C’est également chez les Verdurin que le narrateur rencontre Albertine, une des « jeunes filles en fleurs » de la plage de Balbec. Bref, c’est le salon où les amours naissent.

6) Proust est assistant bibliothécaire non rémunéré à la bibliothèque Mazarine (place de l’Institut) à partir de juin 1895. Son activité principale consiste à effectuer des demandes de congé. En 1896, il ne s’y montre qu’une fois, pour offrir Les Plaisirs et les jours à ses collègues ! La bibliothèque obtient qu’il démissionne en 1900.

7) 17 quai Malaquais se trouve encore l’hôtel Chimay, que M. de Charlus prétend avoir habité et qu’occupe l’école des Beaux-Arts.

8) Robert Proust habite 136 boulevard Saint-Germain.

9) Le siège des éditions de la Nouvelle Revue Française se trouve 35 et 37 rue Madame lorsque, pendant la Première guerre, elles reprennent la publication de la Recherche commencée à compte d’auteur chez Grasset.
Fin 1912-début 1913, André Gide pour la NRF ainsi que les éditeurs Fasquelle et Ollendorf ont en effet refusé le manuscrit de Du côté de chez Swann. Proust a alors décidé de financer lui-même une édition de son premier roman chez Grasset. Revenant sur l’erreur de 1912 – Gide s’excusant d’avoir mal lu le manuscrit, trompé par la réputation d’écrivain mondain de son auteur –, la NRF fait ensuite paraître des extraits de la suite de la Recherche. Ses éditions reprennent à partir de 1919 la publication de l’ensemble de l’œuvre, profitant de la fermeture pendant la guerre des éditions Grasset qui, par ailleurs, ont généreusement accepté de leur céder Du côté de chez Swann.

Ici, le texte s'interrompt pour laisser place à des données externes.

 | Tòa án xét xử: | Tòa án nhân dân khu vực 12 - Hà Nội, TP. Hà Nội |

Proust obtient de Gaston Gallimard des droits d’auteurs faramineux : 18 % sur les trois mille premiers exemplaires vendus, 21 % sur les suivants !

10) Le pâtissier Blanche de la Recherche tient boutique 196 boulevard Saint-Germain.

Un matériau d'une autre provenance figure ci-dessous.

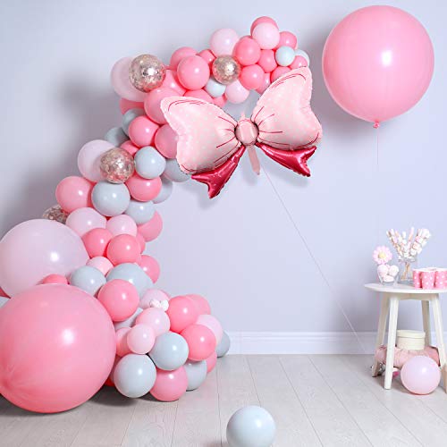 Design a tema rosa: la maggior parte delle ragazze adorerà questo colore rosa, progettato con palloncini in lamina di prua, rosa rossa e rosa, e il palloncino in lamina con fiocco rosa è simile al colore del topo dei cartoni animati, sembra molto carino;
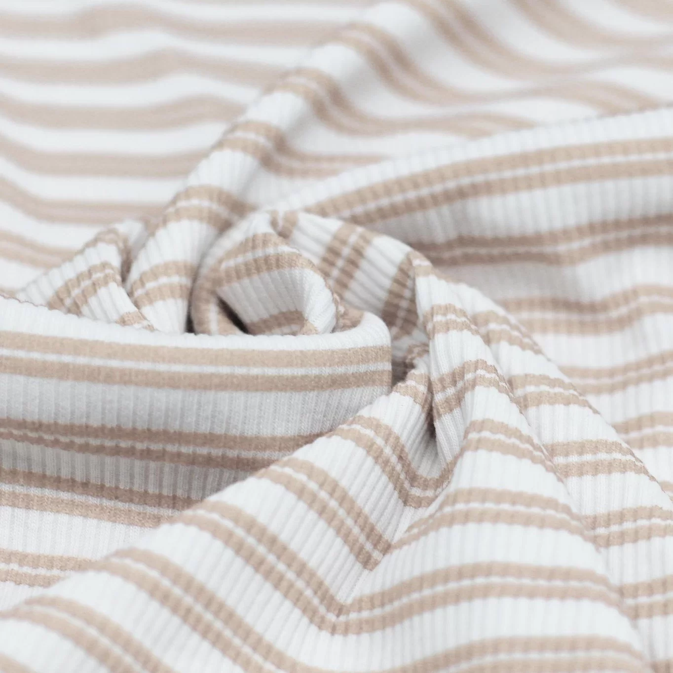 Onze gestreepte ribjersey in beige met offwhite combineert comfortabele rekbaarheid met een klassieke, stijlvolle look. Het zachte materiaal voelt heerlijk aan op de huid en biedt een perfecte pasvorm voor diverse kledingstukken.
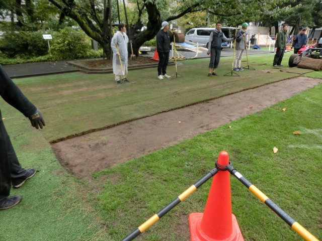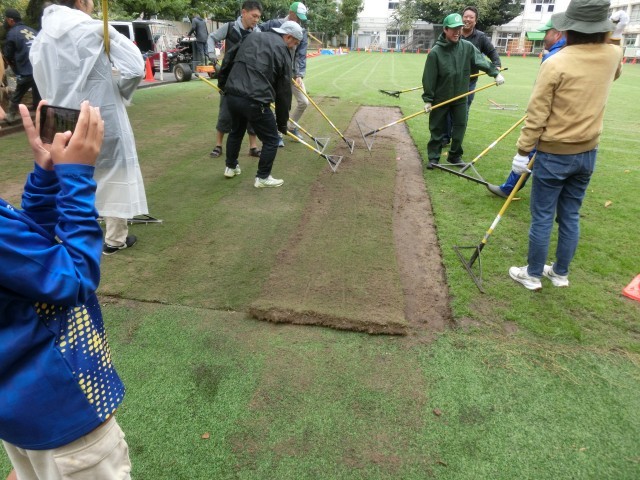 10月27日【シバッカリィーズ】国立競技場の芝生 公開日 2025/10/29 更新日 2025/10/29 校長日記 運動会が延期になった10月27日の日曜日、シバッカリィーズの方と芝生業者が、国立競技場から譲り受けた芝生の移植を行いました。そぼ降る雨の中、シバッカリィーズの方たちは、校庭の一部分の芝生移植作業を黙々と行っていました。コンディションのよい状態の芝生で運動会ができました。あらためて感謝申し上げます。

11) Toujours dans le roman, les Cottard demeurent 43 rue du Bac.

12) Le 240 boulevard Saint-Germain est, avec le 2 rue Rabelais, une adresse du Jockey Club que fréquentent les personnages de la Recherche.

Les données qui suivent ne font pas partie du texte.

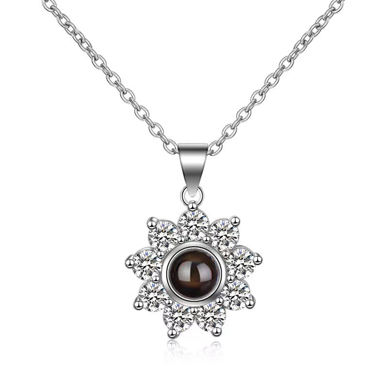 Welcome into the warmth and life-giving energy of the sun, we proudly present a stunning and stylish sunflower diamond projection necklace. The perfect combination of natural beauty and noble design, this jewelry will cherish your precious memories forever in a dazzling gemstone through the pattern of sunflowers and the luxury of diamonds.

13) Robert de Montesquiou naît à l’hôtel de Béthune, 60 rue de Varenne. Nous sommes ici dans le faubourg Saint-Germain au sens strict : le quartier aristocratique conservateur et renfermé que l’on peut délimiter, entre 1890 et 1910, par les rues de Lille, de Constantine, de Babylone et Bonaparte. Dans la Recherche, le prince de Guermantes habite également rue de Varenne, d’autres Guermantes et les Chaussepierre rue de la Chaise, un cousin de la duchesse de Guermantes rue Vaneau, un Courvoisier rue de Grenelle, etc.

14) Proust fréquente au milieu des années 1890 les « jeudis » d’Alphonse Daudet, 31 rue de Bellechasse. Il participe en particulier au banquet de 300 personnes organisé le 1er mars 1894 en l’honneur d’Edmond de Goncourt. Lucien, fils d’Alphonse et frère de Léon, est un compagnon privilégié de Proust, sans que leur relation soit aussi intime qu’avec Reynaldo Hahn.

15) Le bel hôtel construit en 1863 pour les Montesquiou-Ferensac, demeure de Robert de Montesquiou, s’élève toujours au 41 quai d’Orsay, face à la Seine. C’est aujourd’hui le siège de l’association des maires de France. On y voit encore un M orner la plupart des fenêtres.